- _Work required_
When a record contains an image, skip the image and retype the rest of that record exactly.

- _Dataset content_
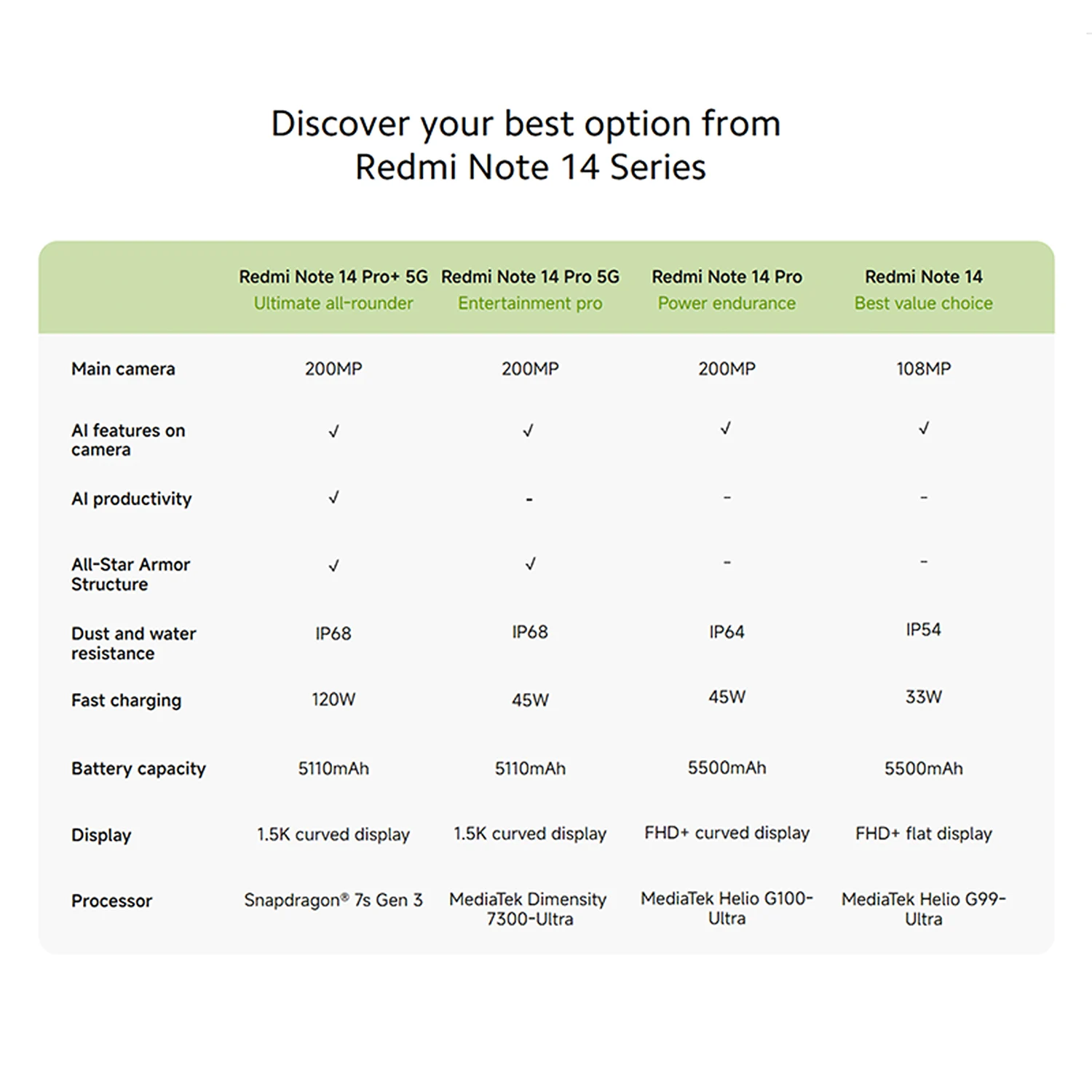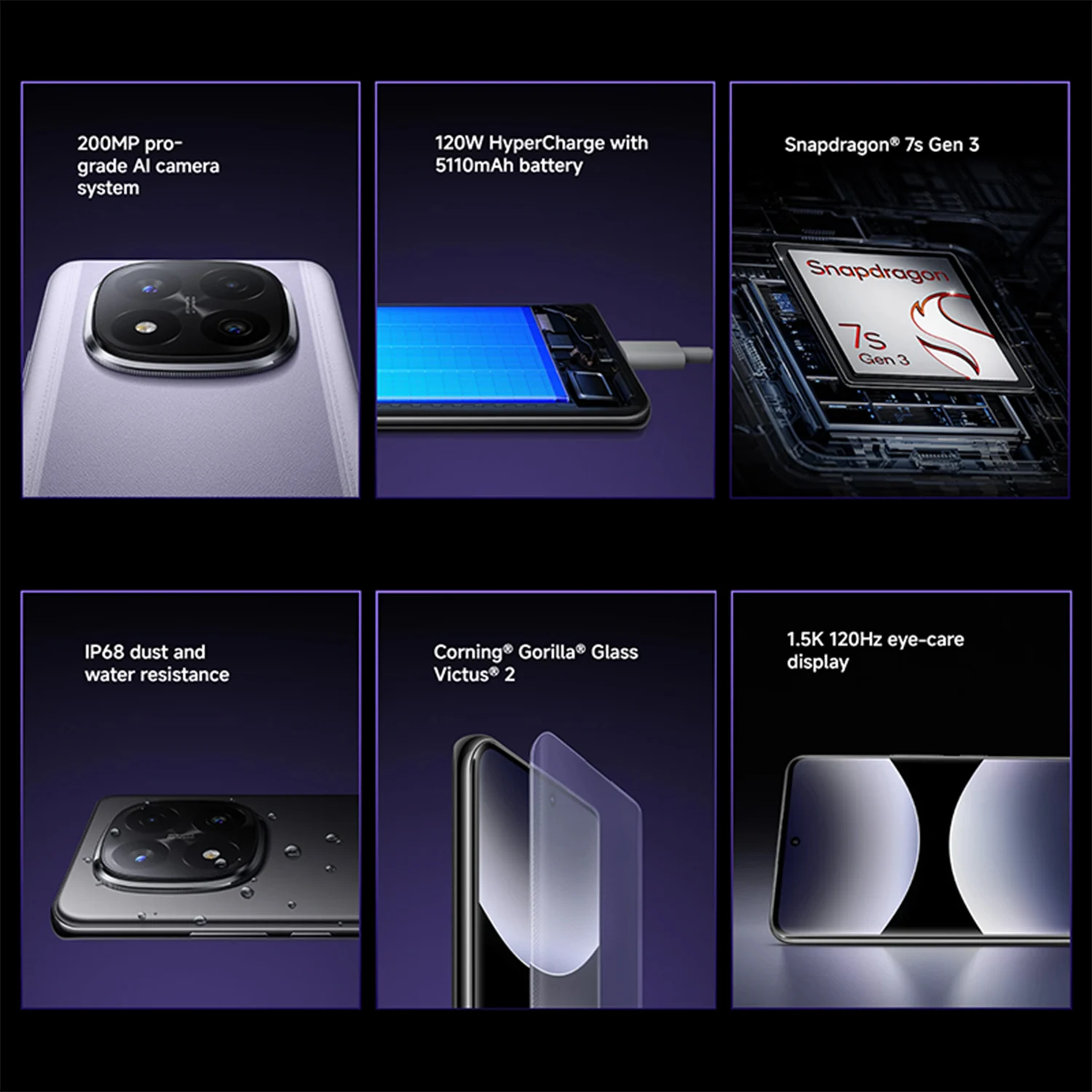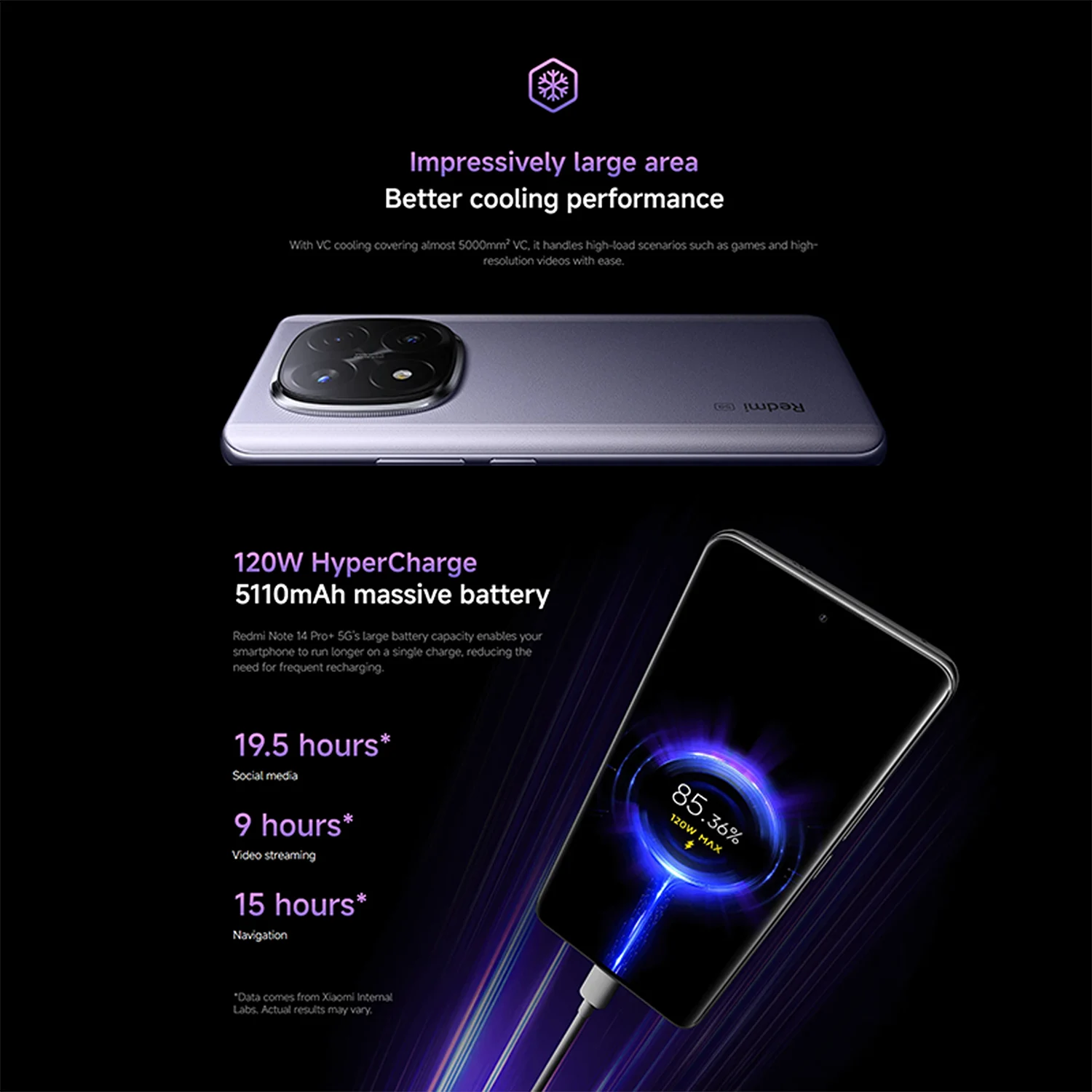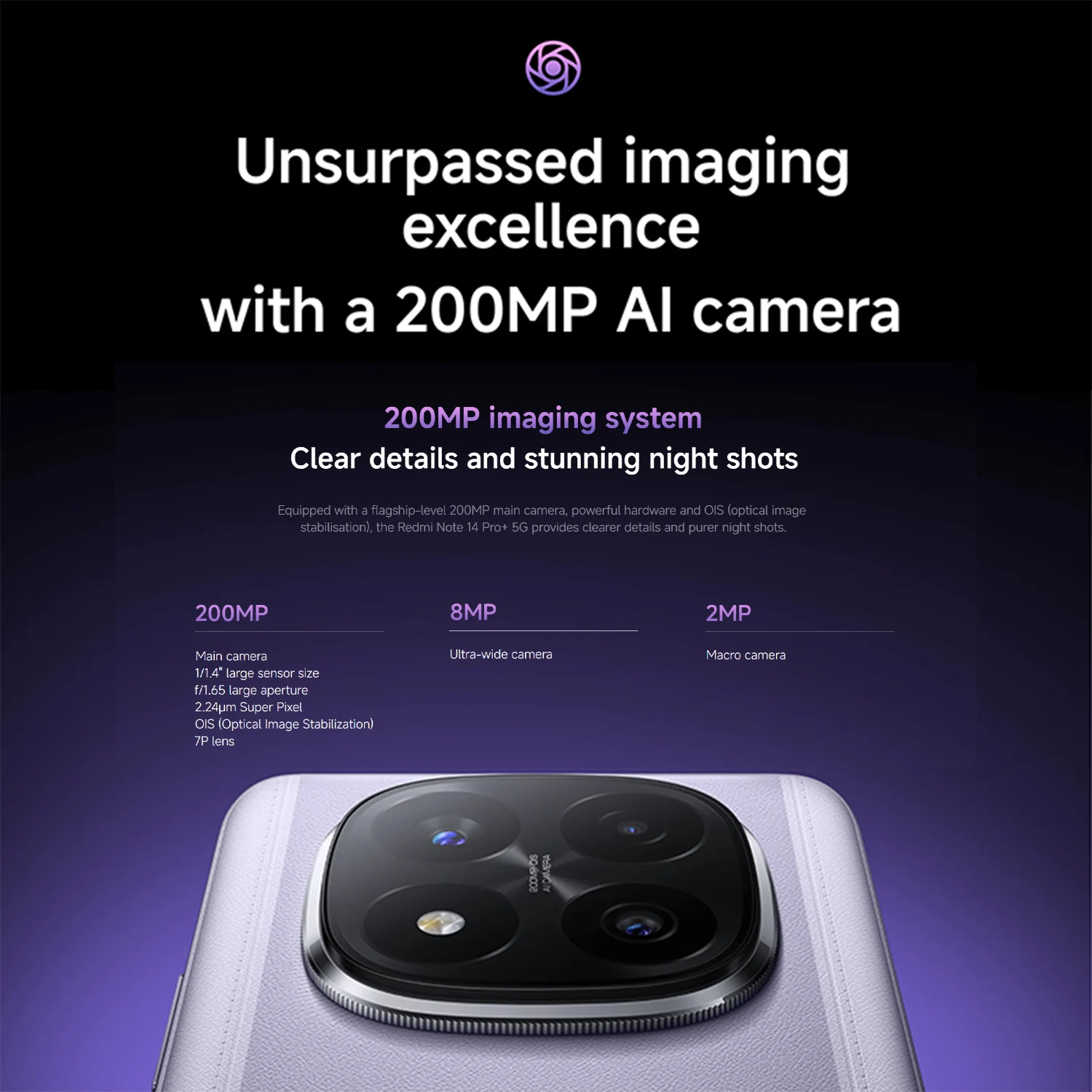 Xiaomi Redmi Note 14 Pro+ 5G, 8+256GB Global Version, 120Hz 6.67" AMOLED Display 200MP Al Camera 5110mAh 120W Snapdragon 7s Gen3
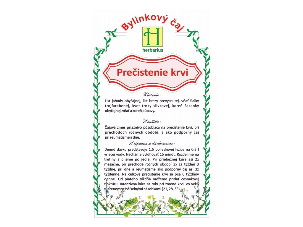 Dennú dávku predstavuje 1,5 polievkovej lyžice na 0,5 l vriacej vody. Necháme vylúhovať 15 minút. Rozdelíme na tretiny a pijeme po jedle. Pri priebežnej kúre asi 2x mesačne, pri prechode ročných období 3x za týždeň 3 týždne, pri dne a reumatizme ako podporný čaj asi 3x týždenne. Na celkové prečistenie krvi sa pije 6 týždňov denne. Od piateho týždňa môžeme pridať cesnakovú tinktúru. Intenzívna kúra sa robí pri zmene krvi, vo veku tvorenom celočíselnými násobkami (21, 28, 35).
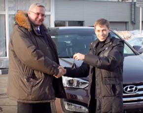 Андрей Мельников поздравил очередного участника «жилищной программы» с приобретением дорогостоящего автомобиля.
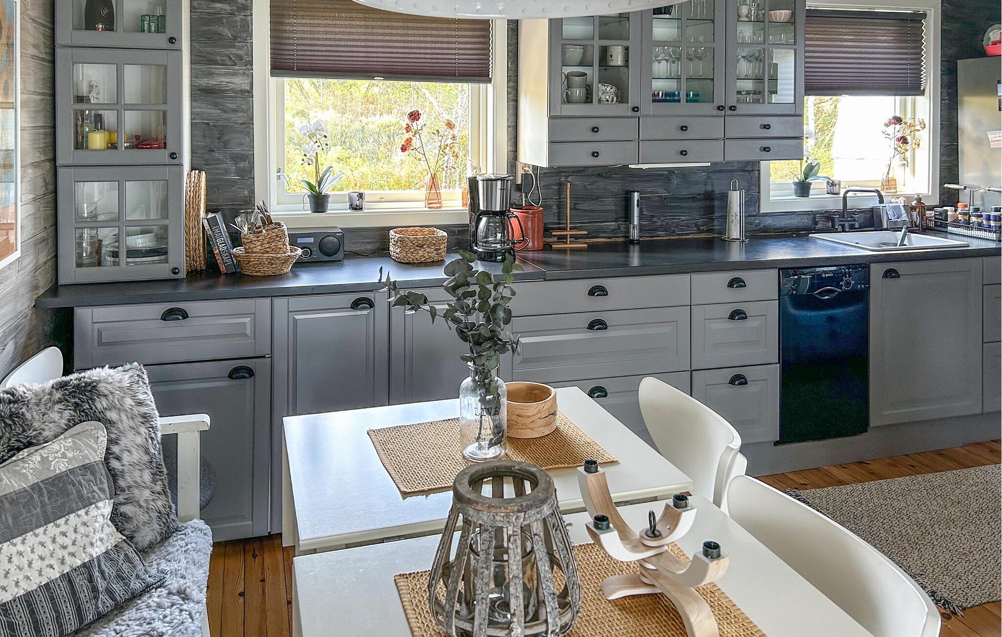 Ihr behagliches Holzhaus direkt am See Storavatnet bietet Ihnen eine warme und einladende Atmosphäre. Der gemütliche Kaminofen, die bodentiefen Fenster und die gemütliche Einrichtung schaffen ein harmonisches Ambiente. Genießen Sie entspannte Abende auf dem bequemen Sofa und den Sesseln, während Sie Filme schauen oder Gesellschaftsspiele spielen.
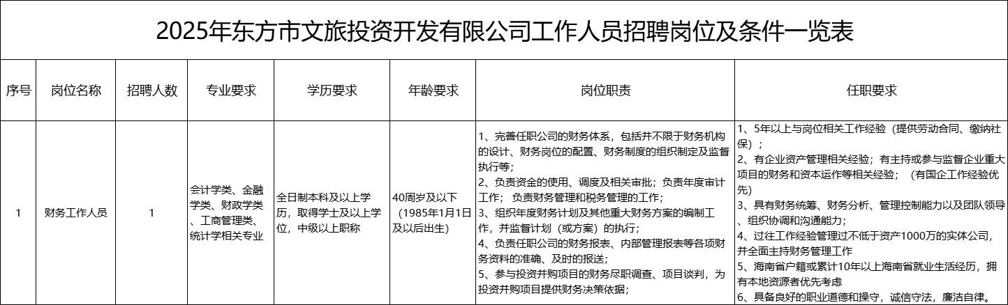 岗位要求:见附件《2025年东方市文旅投资开发有限公司工作人员招聘岗位及条件一览表》
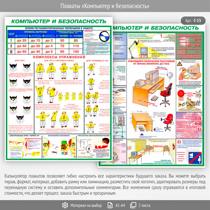 Плакаты «Компьютер и безопасность» (С-15, 2 листа) в Томске купить
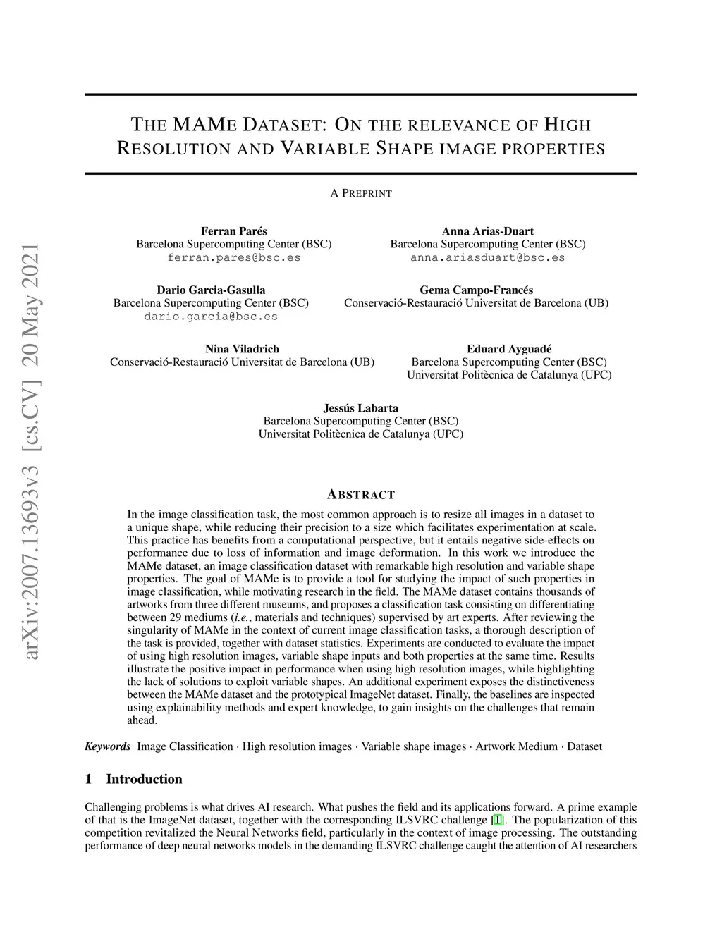 In the image classification task, the most common approach is to resize all images in a dataset to a unique shape, while reducing their precision to a size which facilitates experimentation at scale. This practice has benefits from a computational perspective, but it entails negative side-effects on performance due to loss of information and image deformation. In this work we introduce the MAMe dataset, an image classification dataset with remarkable high resolution and variable shape properties. The goal of MAMe is to provide a tool for studying the impact of such properties in image classification, while motivating research in the field. The MAMe dataset contains thousands of artworks from three different museums, and proposes a classification task consisting on differentiating between 29 mediums (i.e. materials and techniques) supervised by art experts. After reviewing the singularity of MAMe in the context of current image classification tasks, a thorough description of the task is provided, together with dataset statistics. Experiments are conducted to evaluate the impact of using high resolution images, variable shape inputs and both properties at the same time. Results illustrate the positive impact in performance when using high resolution images, while highlighting the lack of solutions to exploit variable shapes. An additional experiment exposes the distinctiveness between the MAMe dataset and the prototypical ImageNet dataset. Finally, the baselines are inspected using explainability methods and expert knowledge, to gain insights on the challenges that remain ahead.
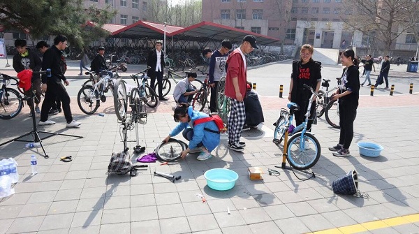 【新闻中心讯】2018年4月19日,由建筑工程与力学学院团委主办、燕山大学自行车协会承办的“公益修车”活动在燕山大学东西校区如期开展。参加此次活动的同学络绎不不绝,场面十分盛大。
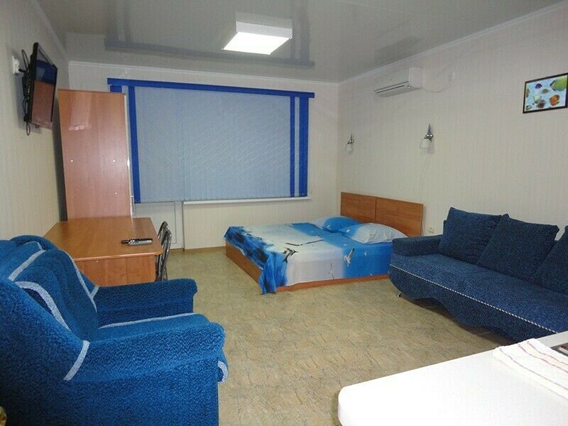 Всего 4 больших номера. В каждом номере двуспальная кровать или две односпальных, диван кровать и кресло кровать.
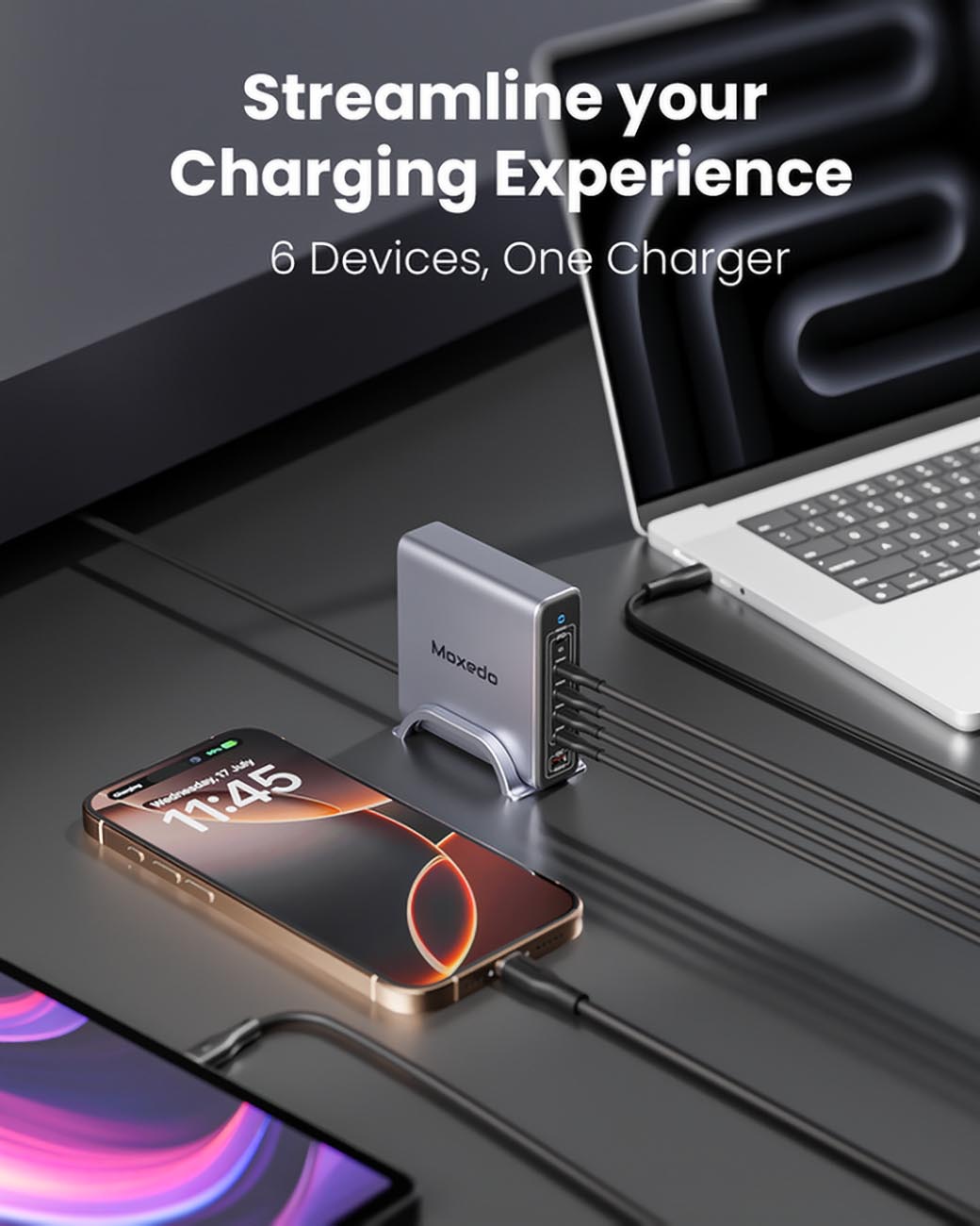 شاحن Momax GaN بقوة 120 واط / مع اربع مداخل تايب سي و مدخلين USB

- _Answer section_
 Xiaomi Redmi Note 14 Pro+ 5G, 8+256GB Global Version, 120Hz 6.67" AMOLED Display 200MP Al Camera 5110mAh 120W Snapdragon 7s Gen3
 Dennú dávku predstavuje 1,5 polievkovej lyžice na 0,5 l vriacej vody. Necháme vylúhovať 15 minút. Rozdelíme na tretiny a pijeme po jedle. Pri priebežnej kúre asi 2x mesačne, pri prechode ročných období 3x za týždeň 3 týždne, pri dne a reumatizme ako podporný čaj asi 3x týždenne. Na celkové prečistenie krvi sa pije 6 týždňov denne. Od piateho týždňa môžeme pridať cesnakovú tinktúru. Intenzívna kúra sa robí pri zmene krvi, vo veku tvorenom celočíselnými násobkami (21, 28, 35).
 Андрей Мельников поздравил очередного участника «жилищной программы» с приобретением дорогостоящего автомобиля.
 Ihr behagliches Holzhaus direkt am See Storavatnet bietet Ihnen eine warme und einladende Atmosphäre. Der gemütliche Kaminofen, die bodentiefen Fenster und die gemütliche Einrichtung schaffen ein harmonisches Ambiente. Genießen Sie entspannte Abende auf dem bequemen Sofa und den Sesseln, während Sie Filme schauen oder Gesellschaftsspiele spielen.
 岗位要求:见附件《2025年东方市文旅投资开发有限公司工作人员招聘岗位及条件一览表》
 Плакаты «Компьютер и безопасность» (С-15, 2 листа) в Томске купить
 In the image classification task, the most common approach is to resize all images in a dataset to a unique shape, while reducing their precision to a size which facilitates experimentation at scale. This practice has benefits from a computational perspective, but it entails negative side-effects on performance due to loss of information and image deformation. In this work we introduce the MAMe dataset, an image classification dataset with remarkable high resolution and variable shape properties. The goal of MAMe is to provide a tool for studying the impact of such properties in image classification, while motivating research in the field. The MAMe dataset contains thousands of artworks from three different museums, and proposes a classification task consisting on differentiating between 29 mediums (i.e. materials and techniques) supervised by art experts. After reviewing the singularity of MAMe in the context of current image classification tasks, a thorough description of the task is provided, together with dataset statistics. Experiments are conducted to evaluate the impact of using high resolution images, variable shape inputs and both properties at the same time. Results illustrate the positive impact in performance when using high resolution images, while highlighting the lack of solutions to exploit variable shapes. An additional experiment exposes the distinctiveness between the MAMe dataset and the prototypical ImageNet dataset. Finally, the baselines are inspected using explainability methods and expert knowledge, to gain insights on the challenges that remain ahead.
 【新闻中心讯】2018年4月19日,由建筑工程与力学学院团委主办、燕山大学自行车协会承办的“公益修车”活动在燕山大学东西校区如期开展。参加此次活动的同学络绎不不绝,场面十分盛大。
 Всего 4 больших номера. В каждом номере двуспальная кровать или две односпальных, диван кровать и кресло кровать.
 شاحن Momax GaN بقوة 120 واط / مع اربع مداخل تايب سي و مدخلين USB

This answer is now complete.